Abstract
We studied the development of visual processing in 58 children, ranging from 1 d to 12 y of age (median age 29 mo), using functional magnetic resonance imaging. All but nine children had either been sedated using chloral hydrate (n = 12) or pentobarbital (n = 28). Nine children were studied under a full halothane/N2O:O2 anesthesia. In the first postnatal month, 30% of the neonates showed a positive blood oxygenation level-dependent (BOLD) contrast signal, whereas, for infants between the ages of 1 mo and 1 y, 27% did so. Thirty-one percent of children between 1 and 6 y of age and 71% of children aged 6 y and above showed a positive BOLD contrast signal change to our visual stimulation paradigm.

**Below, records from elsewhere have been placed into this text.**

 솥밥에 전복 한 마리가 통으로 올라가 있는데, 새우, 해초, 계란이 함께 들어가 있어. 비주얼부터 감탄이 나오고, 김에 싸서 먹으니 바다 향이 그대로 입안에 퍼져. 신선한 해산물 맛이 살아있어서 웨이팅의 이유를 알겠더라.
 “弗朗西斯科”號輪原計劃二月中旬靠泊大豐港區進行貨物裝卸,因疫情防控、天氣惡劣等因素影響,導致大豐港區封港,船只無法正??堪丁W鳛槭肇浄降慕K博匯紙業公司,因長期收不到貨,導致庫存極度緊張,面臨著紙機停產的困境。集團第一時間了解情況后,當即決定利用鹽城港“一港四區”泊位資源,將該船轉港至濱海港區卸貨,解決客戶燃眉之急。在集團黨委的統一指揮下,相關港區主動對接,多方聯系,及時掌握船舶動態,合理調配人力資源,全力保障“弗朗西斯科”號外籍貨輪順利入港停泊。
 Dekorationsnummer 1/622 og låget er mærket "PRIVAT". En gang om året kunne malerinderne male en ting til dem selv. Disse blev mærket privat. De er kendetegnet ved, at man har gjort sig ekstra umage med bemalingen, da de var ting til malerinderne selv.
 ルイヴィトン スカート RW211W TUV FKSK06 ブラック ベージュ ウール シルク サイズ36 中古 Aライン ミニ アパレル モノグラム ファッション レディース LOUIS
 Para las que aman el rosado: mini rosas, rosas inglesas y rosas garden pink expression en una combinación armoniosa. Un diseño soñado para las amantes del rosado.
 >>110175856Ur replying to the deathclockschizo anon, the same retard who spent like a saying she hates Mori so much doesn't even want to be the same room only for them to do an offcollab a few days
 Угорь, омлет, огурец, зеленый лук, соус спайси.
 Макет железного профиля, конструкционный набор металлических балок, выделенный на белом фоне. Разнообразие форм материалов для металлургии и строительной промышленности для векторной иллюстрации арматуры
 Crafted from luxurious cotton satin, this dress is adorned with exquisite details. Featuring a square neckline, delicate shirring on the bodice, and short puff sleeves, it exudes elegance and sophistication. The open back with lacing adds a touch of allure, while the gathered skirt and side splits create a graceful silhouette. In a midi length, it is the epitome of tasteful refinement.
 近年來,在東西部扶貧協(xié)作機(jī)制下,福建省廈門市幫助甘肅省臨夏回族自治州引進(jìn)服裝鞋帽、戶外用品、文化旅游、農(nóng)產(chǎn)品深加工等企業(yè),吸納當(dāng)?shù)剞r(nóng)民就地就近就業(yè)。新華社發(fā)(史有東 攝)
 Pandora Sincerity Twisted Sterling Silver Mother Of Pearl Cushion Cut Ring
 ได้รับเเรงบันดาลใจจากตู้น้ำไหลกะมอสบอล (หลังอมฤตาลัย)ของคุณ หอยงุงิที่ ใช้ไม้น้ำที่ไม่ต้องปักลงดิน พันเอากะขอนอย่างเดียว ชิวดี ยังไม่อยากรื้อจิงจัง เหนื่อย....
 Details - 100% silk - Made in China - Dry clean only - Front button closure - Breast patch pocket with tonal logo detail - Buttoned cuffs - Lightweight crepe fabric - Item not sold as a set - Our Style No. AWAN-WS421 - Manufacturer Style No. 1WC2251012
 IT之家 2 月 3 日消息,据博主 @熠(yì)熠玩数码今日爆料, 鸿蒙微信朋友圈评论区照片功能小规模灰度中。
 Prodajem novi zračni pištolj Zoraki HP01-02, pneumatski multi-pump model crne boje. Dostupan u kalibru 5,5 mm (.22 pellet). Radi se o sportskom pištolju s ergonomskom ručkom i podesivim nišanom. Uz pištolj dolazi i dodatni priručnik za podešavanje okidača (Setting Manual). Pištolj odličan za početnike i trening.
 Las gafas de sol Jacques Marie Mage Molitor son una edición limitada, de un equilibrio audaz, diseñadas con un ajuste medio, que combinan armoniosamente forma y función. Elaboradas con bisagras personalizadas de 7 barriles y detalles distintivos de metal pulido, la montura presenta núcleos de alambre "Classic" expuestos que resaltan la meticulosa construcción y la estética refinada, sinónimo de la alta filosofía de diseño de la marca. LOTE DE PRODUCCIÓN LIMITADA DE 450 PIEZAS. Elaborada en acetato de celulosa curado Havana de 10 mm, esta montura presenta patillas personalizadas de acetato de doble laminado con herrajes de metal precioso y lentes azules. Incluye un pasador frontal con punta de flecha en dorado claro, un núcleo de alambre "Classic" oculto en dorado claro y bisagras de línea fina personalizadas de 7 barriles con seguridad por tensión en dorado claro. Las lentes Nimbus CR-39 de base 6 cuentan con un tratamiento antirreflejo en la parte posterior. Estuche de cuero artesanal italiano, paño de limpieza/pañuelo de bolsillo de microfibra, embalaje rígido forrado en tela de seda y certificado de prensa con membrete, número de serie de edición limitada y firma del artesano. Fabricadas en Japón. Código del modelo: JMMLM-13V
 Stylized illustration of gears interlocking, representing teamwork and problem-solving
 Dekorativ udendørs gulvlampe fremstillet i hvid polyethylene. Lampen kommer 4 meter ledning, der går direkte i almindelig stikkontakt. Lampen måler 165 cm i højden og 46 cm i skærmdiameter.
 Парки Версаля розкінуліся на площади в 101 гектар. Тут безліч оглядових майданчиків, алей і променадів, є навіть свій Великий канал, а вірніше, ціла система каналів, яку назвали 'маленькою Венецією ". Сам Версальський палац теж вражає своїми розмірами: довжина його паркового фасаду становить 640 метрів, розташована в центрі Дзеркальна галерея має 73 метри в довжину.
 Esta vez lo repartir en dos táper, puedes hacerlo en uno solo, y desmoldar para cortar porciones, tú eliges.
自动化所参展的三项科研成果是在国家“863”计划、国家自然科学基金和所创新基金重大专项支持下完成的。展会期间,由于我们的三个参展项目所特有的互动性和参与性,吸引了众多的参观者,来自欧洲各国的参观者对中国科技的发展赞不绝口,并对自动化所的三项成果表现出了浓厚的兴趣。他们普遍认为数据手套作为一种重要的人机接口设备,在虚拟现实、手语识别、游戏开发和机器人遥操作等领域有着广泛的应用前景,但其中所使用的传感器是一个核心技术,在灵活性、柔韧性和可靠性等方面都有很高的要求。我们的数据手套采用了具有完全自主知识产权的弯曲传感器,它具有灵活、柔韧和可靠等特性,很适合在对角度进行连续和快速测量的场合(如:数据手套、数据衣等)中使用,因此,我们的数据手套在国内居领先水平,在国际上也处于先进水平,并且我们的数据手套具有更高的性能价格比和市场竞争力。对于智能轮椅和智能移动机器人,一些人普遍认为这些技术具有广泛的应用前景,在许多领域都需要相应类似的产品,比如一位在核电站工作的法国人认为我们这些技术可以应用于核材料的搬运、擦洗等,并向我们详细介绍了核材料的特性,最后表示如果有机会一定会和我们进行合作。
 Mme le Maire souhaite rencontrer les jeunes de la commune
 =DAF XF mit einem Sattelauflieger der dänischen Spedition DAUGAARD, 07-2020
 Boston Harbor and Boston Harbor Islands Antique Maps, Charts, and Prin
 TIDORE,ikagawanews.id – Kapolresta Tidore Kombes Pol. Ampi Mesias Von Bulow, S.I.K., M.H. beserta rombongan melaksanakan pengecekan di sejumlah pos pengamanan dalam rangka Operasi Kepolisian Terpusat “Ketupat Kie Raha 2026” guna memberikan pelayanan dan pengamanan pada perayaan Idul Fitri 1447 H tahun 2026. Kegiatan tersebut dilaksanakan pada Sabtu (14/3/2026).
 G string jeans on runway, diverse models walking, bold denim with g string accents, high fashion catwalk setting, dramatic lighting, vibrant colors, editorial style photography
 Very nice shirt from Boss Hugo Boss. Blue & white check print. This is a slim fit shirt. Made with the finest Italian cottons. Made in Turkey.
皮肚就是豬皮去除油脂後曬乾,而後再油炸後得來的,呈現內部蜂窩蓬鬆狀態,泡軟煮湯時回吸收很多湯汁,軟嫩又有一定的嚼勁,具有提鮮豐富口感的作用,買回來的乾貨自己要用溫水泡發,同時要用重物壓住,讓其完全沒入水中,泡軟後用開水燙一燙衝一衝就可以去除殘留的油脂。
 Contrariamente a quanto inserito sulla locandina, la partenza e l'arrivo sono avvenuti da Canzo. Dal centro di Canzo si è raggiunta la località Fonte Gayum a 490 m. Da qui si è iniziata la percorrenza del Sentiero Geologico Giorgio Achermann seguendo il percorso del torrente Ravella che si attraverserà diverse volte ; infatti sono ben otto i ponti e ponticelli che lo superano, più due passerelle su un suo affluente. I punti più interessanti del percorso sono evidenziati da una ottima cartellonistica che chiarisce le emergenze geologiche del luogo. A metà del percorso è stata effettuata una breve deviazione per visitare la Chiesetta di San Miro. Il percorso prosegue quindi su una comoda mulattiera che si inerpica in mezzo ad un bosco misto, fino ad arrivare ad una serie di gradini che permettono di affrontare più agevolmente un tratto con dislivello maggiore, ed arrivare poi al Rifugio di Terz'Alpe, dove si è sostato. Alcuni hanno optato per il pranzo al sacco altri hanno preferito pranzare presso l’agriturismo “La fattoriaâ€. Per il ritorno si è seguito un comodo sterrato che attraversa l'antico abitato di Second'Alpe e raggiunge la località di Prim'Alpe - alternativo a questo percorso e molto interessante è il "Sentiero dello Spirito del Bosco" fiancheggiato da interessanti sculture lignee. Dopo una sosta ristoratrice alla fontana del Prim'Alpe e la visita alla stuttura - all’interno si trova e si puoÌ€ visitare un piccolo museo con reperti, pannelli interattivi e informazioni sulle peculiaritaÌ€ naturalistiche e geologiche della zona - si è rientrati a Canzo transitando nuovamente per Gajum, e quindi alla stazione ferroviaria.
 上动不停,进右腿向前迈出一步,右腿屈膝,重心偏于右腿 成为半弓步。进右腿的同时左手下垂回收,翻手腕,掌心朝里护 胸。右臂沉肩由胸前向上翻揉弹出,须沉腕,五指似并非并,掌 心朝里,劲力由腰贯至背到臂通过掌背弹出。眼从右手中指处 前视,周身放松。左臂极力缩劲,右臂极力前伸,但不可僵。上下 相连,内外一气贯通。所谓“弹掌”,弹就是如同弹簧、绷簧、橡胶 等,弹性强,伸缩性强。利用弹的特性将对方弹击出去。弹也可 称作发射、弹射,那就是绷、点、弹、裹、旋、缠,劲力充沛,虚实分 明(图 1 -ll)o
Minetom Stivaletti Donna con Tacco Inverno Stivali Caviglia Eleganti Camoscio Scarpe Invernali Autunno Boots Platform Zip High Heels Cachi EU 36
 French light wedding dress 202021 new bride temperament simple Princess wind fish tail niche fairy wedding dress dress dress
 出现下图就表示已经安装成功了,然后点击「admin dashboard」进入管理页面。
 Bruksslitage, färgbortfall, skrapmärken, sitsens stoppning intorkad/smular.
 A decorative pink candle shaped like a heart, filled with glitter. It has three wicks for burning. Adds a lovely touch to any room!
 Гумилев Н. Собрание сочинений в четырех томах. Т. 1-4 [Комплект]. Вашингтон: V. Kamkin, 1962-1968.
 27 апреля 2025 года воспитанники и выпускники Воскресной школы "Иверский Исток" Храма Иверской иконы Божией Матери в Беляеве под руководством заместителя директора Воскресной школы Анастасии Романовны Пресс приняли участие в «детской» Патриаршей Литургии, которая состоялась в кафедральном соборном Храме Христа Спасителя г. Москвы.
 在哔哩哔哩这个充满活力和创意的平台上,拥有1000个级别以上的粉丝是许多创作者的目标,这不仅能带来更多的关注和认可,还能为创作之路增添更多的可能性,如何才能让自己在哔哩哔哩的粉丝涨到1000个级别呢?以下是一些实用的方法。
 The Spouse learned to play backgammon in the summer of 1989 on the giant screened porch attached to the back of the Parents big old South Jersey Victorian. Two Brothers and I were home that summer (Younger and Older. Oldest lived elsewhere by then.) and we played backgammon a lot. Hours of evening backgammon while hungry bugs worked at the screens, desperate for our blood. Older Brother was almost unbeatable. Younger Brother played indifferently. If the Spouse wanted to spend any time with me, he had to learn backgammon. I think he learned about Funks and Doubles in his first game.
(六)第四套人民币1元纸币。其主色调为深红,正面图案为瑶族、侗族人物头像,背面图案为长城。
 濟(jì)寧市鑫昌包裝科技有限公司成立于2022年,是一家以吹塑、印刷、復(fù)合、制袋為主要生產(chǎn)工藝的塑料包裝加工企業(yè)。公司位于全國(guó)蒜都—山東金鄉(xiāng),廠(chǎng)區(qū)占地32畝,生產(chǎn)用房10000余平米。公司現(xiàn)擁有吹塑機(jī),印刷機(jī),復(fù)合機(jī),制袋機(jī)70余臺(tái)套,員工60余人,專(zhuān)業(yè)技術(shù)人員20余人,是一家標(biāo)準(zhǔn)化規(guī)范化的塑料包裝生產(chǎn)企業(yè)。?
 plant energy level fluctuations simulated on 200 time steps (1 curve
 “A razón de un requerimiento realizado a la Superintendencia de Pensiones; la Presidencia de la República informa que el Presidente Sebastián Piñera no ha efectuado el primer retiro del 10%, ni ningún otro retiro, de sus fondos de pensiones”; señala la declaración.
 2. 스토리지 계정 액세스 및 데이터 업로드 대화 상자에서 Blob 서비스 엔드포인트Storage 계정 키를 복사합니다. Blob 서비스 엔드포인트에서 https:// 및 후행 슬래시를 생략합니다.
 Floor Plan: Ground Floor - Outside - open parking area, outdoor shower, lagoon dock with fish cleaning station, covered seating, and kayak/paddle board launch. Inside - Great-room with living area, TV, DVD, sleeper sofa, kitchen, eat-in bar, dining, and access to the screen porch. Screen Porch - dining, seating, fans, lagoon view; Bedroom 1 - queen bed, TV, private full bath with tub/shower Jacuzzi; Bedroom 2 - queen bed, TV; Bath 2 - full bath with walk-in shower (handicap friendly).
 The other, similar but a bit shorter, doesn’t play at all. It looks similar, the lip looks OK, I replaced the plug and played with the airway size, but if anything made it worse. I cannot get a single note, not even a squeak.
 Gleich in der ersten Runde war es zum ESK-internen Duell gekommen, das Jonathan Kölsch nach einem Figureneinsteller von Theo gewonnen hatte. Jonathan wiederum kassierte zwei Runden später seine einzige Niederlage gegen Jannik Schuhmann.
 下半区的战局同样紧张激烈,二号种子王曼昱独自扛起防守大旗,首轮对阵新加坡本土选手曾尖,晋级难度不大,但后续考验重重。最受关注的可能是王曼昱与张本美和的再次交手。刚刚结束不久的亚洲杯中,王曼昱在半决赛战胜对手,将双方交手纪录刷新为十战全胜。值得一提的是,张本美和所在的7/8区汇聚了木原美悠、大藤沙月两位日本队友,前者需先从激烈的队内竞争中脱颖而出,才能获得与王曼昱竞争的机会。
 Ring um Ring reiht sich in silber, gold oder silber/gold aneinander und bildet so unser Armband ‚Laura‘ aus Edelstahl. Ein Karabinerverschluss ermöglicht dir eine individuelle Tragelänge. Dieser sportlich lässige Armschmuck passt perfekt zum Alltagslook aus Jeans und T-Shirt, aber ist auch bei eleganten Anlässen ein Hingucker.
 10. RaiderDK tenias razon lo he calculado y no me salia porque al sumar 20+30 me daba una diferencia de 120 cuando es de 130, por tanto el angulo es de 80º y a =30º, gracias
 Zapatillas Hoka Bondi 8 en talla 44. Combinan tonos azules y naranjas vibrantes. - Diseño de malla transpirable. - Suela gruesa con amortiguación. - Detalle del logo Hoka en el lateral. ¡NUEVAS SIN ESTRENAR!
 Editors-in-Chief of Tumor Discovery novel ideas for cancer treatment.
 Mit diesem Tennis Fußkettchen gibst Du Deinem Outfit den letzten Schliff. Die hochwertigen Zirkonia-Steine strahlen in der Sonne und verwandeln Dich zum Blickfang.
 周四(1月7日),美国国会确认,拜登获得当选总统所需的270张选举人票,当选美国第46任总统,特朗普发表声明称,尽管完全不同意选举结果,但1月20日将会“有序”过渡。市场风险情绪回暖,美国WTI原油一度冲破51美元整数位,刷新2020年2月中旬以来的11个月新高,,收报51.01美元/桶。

Besides the usual positive BOLD contrast signal change, we also noted that a large portion of the children measured displayed a negative BOLD contrast signal change. This negative BOLD contrast signal change was observed in 30% of children up to 1 mo of age, in 27% between 1 mo and 1 y of age, in 47% between 1 and 6 y of age, and in 14% of children 6 y and older. In the children in which we observed a negative correlating BOLD contrast signal change, the locus was more anterior and more lateral than the positive BOLD contrast signal, placing it in the secondary visual cortical area. The results indicate that when using functional magnetic resonance imaging on children, the primary visual cortical area does not respond functionally in the same manner as that of the adult until 1.5 y of age. This supports earlier clinical and electrophysiologic findings that different cortical mechanisms seem to contribute to visual perception at different times postnatally.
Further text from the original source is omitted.